Потом, слава богу, у меня случилась задержка. Я купила тест, и он оказался положительным. Мы подождали три месяца и сказали Кори, а она сказала, что «не хочет этот малыш». У нас с Джоном были напряженные отношения, и я смотрела на него и спрашивала себя: я что, единственная в этом доме, кто хочет «этот малыш»? Мне было очень одиноко.
Но, конечно, через полгода, когда родился Джо, мы все в него влюбились, а Кори вообще решила, что он принадлежит ей. Разница в возрасте у них была значительная, но им прекрасно удавалось развлекать друг друга. Кори не рвалась помогать мне менять памперсы, но с удовольствием кормила Джо. Когда Джон уезжал в командировки и Джо требовал больше молока, чем было у меня в груди, Кори по ночам приносила ему бутылочки со смесью. В полудреме я, бывало, слышала, что Джо начинает ворочаться в своей кроватке, но еще до того, как я успевала проснуться и подумать, что делать дальше, Кори уже просыпалась у себя в комнате, спускалась в кухню, забиралась на свою детскую подставку, мыла в раковине руки и давала мне проверить температуру бутылки. Затем она сама его кормила, пока я дремала, и в процессе разговаривала с ним, используя слова, которые никогда не говорила мне и Джону. «Ну что, малыш. Время лопать молочко. Вкусненькое. Это смесь. Мы должны все сделать по-тихому, чтобы мамочка могла поспать. Ты будешь пукать?»

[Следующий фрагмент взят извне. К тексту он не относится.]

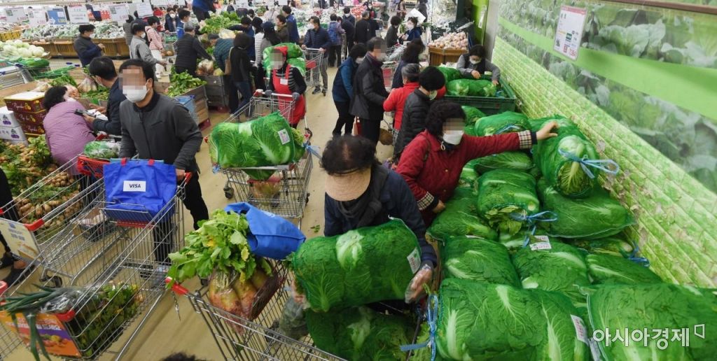 서울 한 대형마트에서 소비자들이 김장 준비를 위해 배추를 고르고 있다./강진형 기자aymsdream@

Когда Джо выпивал молоко, Кори ставила бутылку на тумбочку, перелезала через меня и тут же засыпала, как будто там и было ее законное место. Джо начинал ворочаться в своей кроватке, и я в полубессознательном состоянии протягивала руку и массировала ему живот, чтобы вышли газы. Потом я делала странную вещь, которую делают все мамы, проверяя, не накакал ли ребенок. Я засовывала палец в подгузник, при необходимости меняла его и засыпала. Мы – мать и дочь – исполняли этот странный танец как одна команда каждый раз, когда Джон уезжал в командировку, а отсутствовал он почти все будние дни. Мы были как тонко настроенный родительский конвейер – я и моя четырехлетняя дочь. Но Джон, даже будучи взрослым человеком, не мог сравниться с Кори. Он приезжал на выходные и был слишком усталым, чтобы по ночам приносить Джо бутылочки со смесью, и когда Кори просыпалась ночью, он шикал на нее, чтобы она снова ложилась спать. Днем в выходные они с Кори куда-нибудь ездили, он устраивал ей пикники, возил в парк, на бейсбол, на плавание. Мы с Джо спали дома, и я была очень благодарна ему за этот крайне необходимый мне отдых. Но по выходным я скучала по Кори, а в будни по Джону – нет.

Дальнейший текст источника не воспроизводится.